The primary themes contained in the midperiod of ARM’s data system history included
attaining efficiency through the consolidation of data system functions;
expanding the creation and communication of data quality information;
converging on consistency in the detailed structure and description for ARM data products and documentation; and
improving the communications with the researchers through new interfaces to present the scope of the data collection and visualization of ARM’s results.
6. Continual growth and improving durability: 2008–present
During the period between 2008 and the present, ARM’s data system had to adapt to increases to the number of new instruments and sites. Also, the designation of the ARM facility as a national scientific user facility resulted in ARM no longer being purely a research program but now becoming a truly operational facility. To sustain operations and durability during these changes, it was necessary for the data system to be more robust and nimble. The changes and continued growth of ARM’s data system are summarized in the following sections.
a. Challenging growth opportunities
Persistent themes for ARM during this most recent period of ARM’s history were growth and accelerating growth. These themes originated from implementing several new sites (e.g., the new permanent site in the Azores) and instruments as well as more tools for efficient data product development. The primary events that triggered growth during this period include the addition of
a second mobile facility (2008–10);
the purchase of many new types of instruments with Recovery Act (stimulus) funding (2009–11; Mather and Voyles 2013; Voyles and Mather 2010);
acquisition of scanning instruments with new types of data products (2010–12);
implementation of new fixed location in the Azores (2012–14); and
implementation of a third mobile facility (2012–14).
The designation of ARM as a national scientific user facility in 2004 (Ackerman et al. 2016, chapter 3) converted ARM from a 10-yr project to a permanent operation for atmospheric measurements, data collection, and data distribution. Performance metrics for the facility were defined for data completeness and increasing the number of users. This designation encouraged ARM to aggressively identify scientific collaborators for mobile facility implementations and other smaller-scale field campaigns. A significant number of new users are added to the ARM user community with each new mobile facility location. All of these factors increased the diversity of data users. The longevity of ARM encouraged researchers to evaluate larger quantities of data. The rate of data usage by the researchers also accelerated (Fig. 11-5).

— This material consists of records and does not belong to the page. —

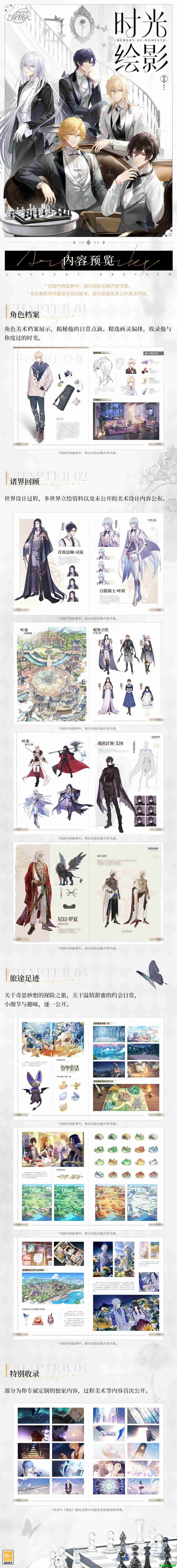 《<时光绘影>时空中的绘旅人官方美术集》分为角色档案、诸界回顾、旅途足迹、特别收录4个部分。从男主信息、主线时空到活动美术资源,收录截止「录异记(含)」前部分活动美术内容。大16开软精装,300P全彩印刷,极具纪念意义与收藏价值。
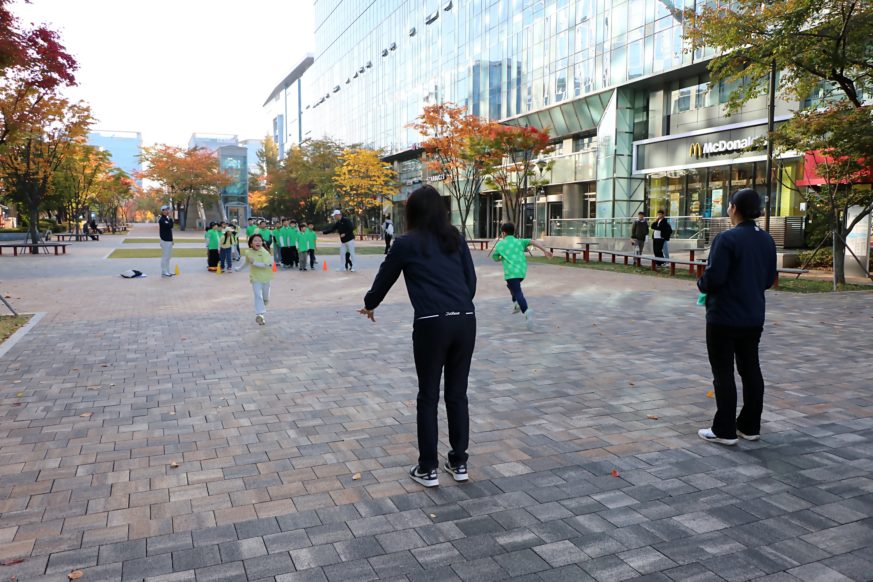레벨 대항으로 반환점 돌아오기 달리기 시합을 하고 있는 모습
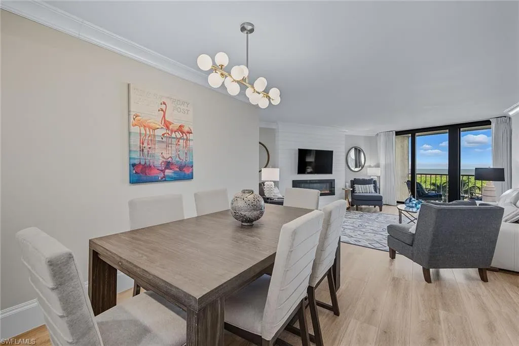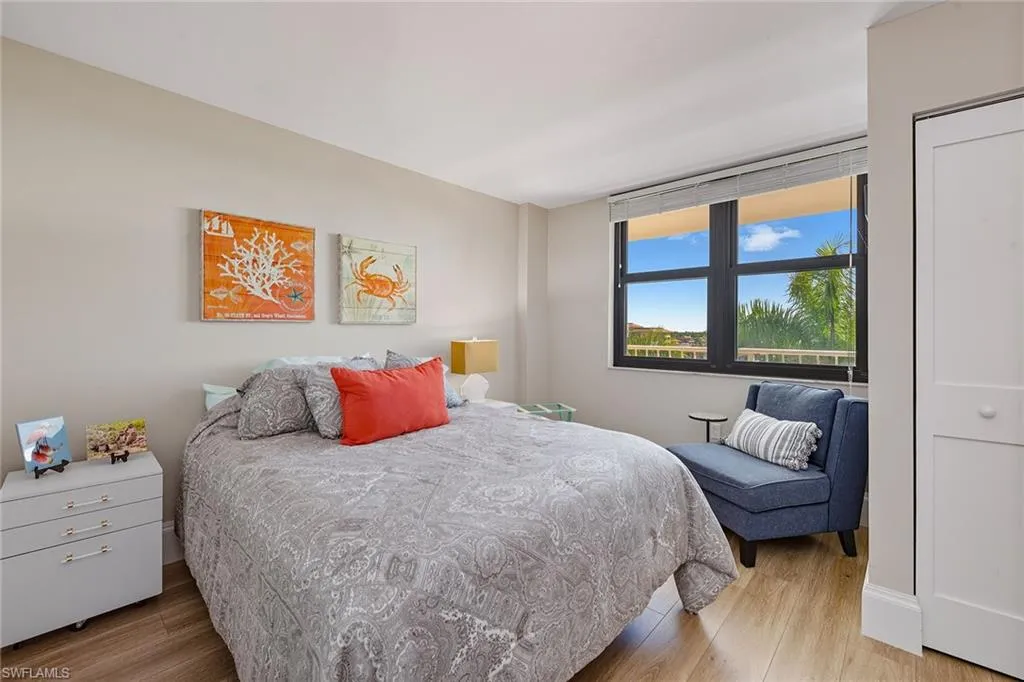 This beautifully furnished waterfront residence in the high-rise South Seas Condominium offers a rare opportunity to enjoy coastal living with Gulf access and sweeping water views. Designed to combine comfort with style, the home is perfectly positioned in one of Marco Island’s most sought-after communities, placing you moments from the beach and surrounded by luxury amenities, fine dining, and endless opportunities for recreation. Inside, the thoughtfully designed floor plan features two bedrooms and two bathrooms, with impact-resistant doors and windows for security and peace of mind. Recessed lighting highlights the interiors, while laminate flooring in the main living areas creates a warm, inviting atmosphere, and tile flooring in the bathrooms adds durability and function. The living room is enhanced with crown molding and opens through a glass slider to the balcony, where stunning views of the Gulf provide the perfect backdrop for morning coffee or evening sunsets. The kitchen is thoughtfully designed with white shaker-style cabinetry, a decorative tile backsplash, GE stainless steel appliances, and a bar counter with seating for casual dining or entertaining. A pantry provides excellent storage, ensuring both style and practicality. The primary suite serves as a private retreat, featuring its own balcony access and an ensuite bath with dual vanities and a walk-in shower with floor-to-ceiling tile walls. The guest bedroom is generously sized, with an adjacent bathroom showcasing another walk-in shower with matching tile detailing. As a resident of the coveted South Seas community, you’ll have exclusive access to a private beach, bike storage, community pool, tennis court, a state-of-the-art fitness center, and library. Beyond the residence, the community offers the ideal balance of coastal luxury and an active lifestyle. Just minutes away are Marco Island’s pristine beaches, boutique shopping, world-class golf, parks, and museums. Whether you prefer kayaking, paddleboarding, tennis, pickleball, biking, or even yoga on the beach, the possibilities are endless. With the convenience of the nearby executive airport, travel is effortless.

As the increase in the outgoing and incoming data volume ranged from 10 to 120 times respectively during this period, the data system required continuing revisions to its design in order to remain nimble. Several changes occurred in the data system to help it reduce the complexity in its design and the chaos in its performance. The changes summarized in the remainder of this section enabled the system to more quickly adapt to the changing requirements.
b. Expansion and coupling of hardware
Expansion for data volume was accommodated primarily with increased data storage at each point in the data life cycle. Data access was increased with high-performance networks and high-performance file servers. The file servers concurrently used several hardware interfaces and numerous storage devices. In 2012, the DMF hardware was moved from Pacific Northwest National Laboratory, which had operated the DMF and its predecessor the Experiment Center from the beginning of the ARM Program, to Oak Ridge National Laboratory. This move enabled the DMF network and storage devices to be combined with the archive. This change enabled quicker adaption and reallocation of the combined hardware capacity to different parts of the data life cycle as needed. In an analogous manner, the site data system has been modified by consolidating individual instrument computers into virtual machines on a single redundant pair of computers with replicated storage. This design reduces maintenance efforts and provides the capability to transition processing from one set of computers to another if the first fails at any of the sites. All of these changes allow the various ebbs and surges of data flow to share common storage buffering resources that are more robust and durable than can be implemented for each process.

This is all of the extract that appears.